‘Glass’: Concluding The Trilogy

July 30th, 2018‘Glass’: Concluding The Trilogy

One of the most buzzed-about films of next year is M. Night Shyamalan’s Glass, and for good reason. The January 2019 release marks the end of Shyamalan’s trilogy which also includes Unbreakable and Split. Part of the excitement is due to the fact that no one expected a trilogy. Fans have long wanted a sequel to Unbreakable, which opened in 2000. When his film Split arrived in 2016, it was only after release that we realized it was set in the same world as Unbreakable, setting the stage for a third film.

The third movie, Glass, brings together key characters and elements from the previous movies. It expands the universe and ups the stakes set in previous movies. Three men with extraordinary abilities are at the center of the story, and despite shades of horror and thrillers, this is very much a superhero film. Here’s why Glass is certain to be Shyamalan’s biggest movie to date.

A Long Time In The Making

[Credit: Universal Pictures]

M. Night Shyamalan turned heads with The Sixth Sense in 1999. While his follow-up, Unbreakable, was a smaller film, it quickly earned a major cult following. Bruce Willis plays David Dunn, a security guard who discovers he has superhuman abilities after surviving a train crash, and Samuel L. Jackson as the physically fragile but mentally awesome Mr. Glass. The film approaches comic books in a meta storytelling fashion, and Unbreakable stands as one of the more unusual and idiosyncratic superhero movies.

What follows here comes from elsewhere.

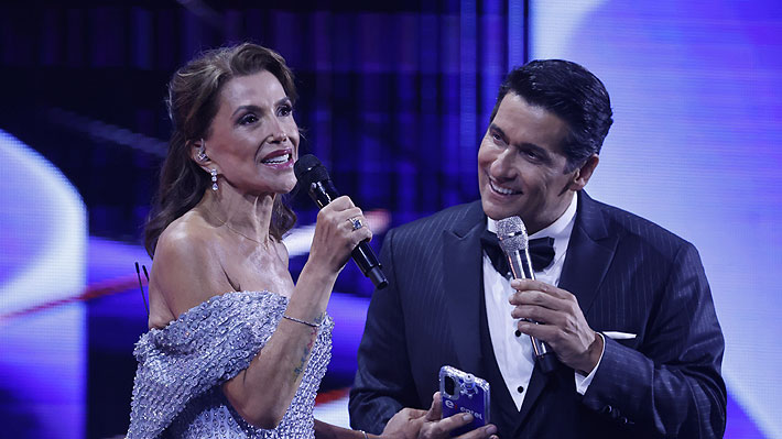 El animador del Festival de Vina 2026 Rafael Araneda y la coanimadora Carolina Arregui durante la primera noche del certamen.

Shyamalan always intended to write a sequel to Unbreakable. Lack of studio support kept the idea on the back burner for almost two decades. Then came 2016’s Split, starring James McAvoy as Kevin Crumb, a mentally ill man whose psyche is fractured into 23 different personalities. The character was written for Unbreakable, but Shyamalan cut him because of time constraints. The idea for the character stuck around, however, eventually spawning Split.

In Split‘s final major twist, Bruce Willis appears in a cameo as David Dunn. That connected Unbreakable and Split, and the fate of McAvoy’s character laid down the tracks for Glass. Now, after nearly two decades, Shyamalan finally gets to complete his superhuman saga in the way he intended.

Returning Faces

[Credit: Buena Vista Pictures]

Fans got a quick glimpse of Willis in Split, but fans were eager to see the return of Samuel L. Jackson’s Mr. Glass. The complex villain makes his glorious return in film’s first trailer. Even better, the footage teases a team-up between Mr. Glass and Crumb’s violent personality, “The Beast.” Clearly, David Dunn is involved with those two men, considering the trailer shows the three of them in a mental health facility. But that’s only part of the story.

Glass will also see the return of characters from Unbreakable and Split, such as Joseph Dunn (Spencer Treat Clark), Mrs. Price (Charlayne Woodard), and Casey Cooke (Anya Taylor-Joy). Sarah Paulson has a major role as a new character, Dr. Ellie Staple, a psychiatrist who specializes in patients who think they have superhuman abilities.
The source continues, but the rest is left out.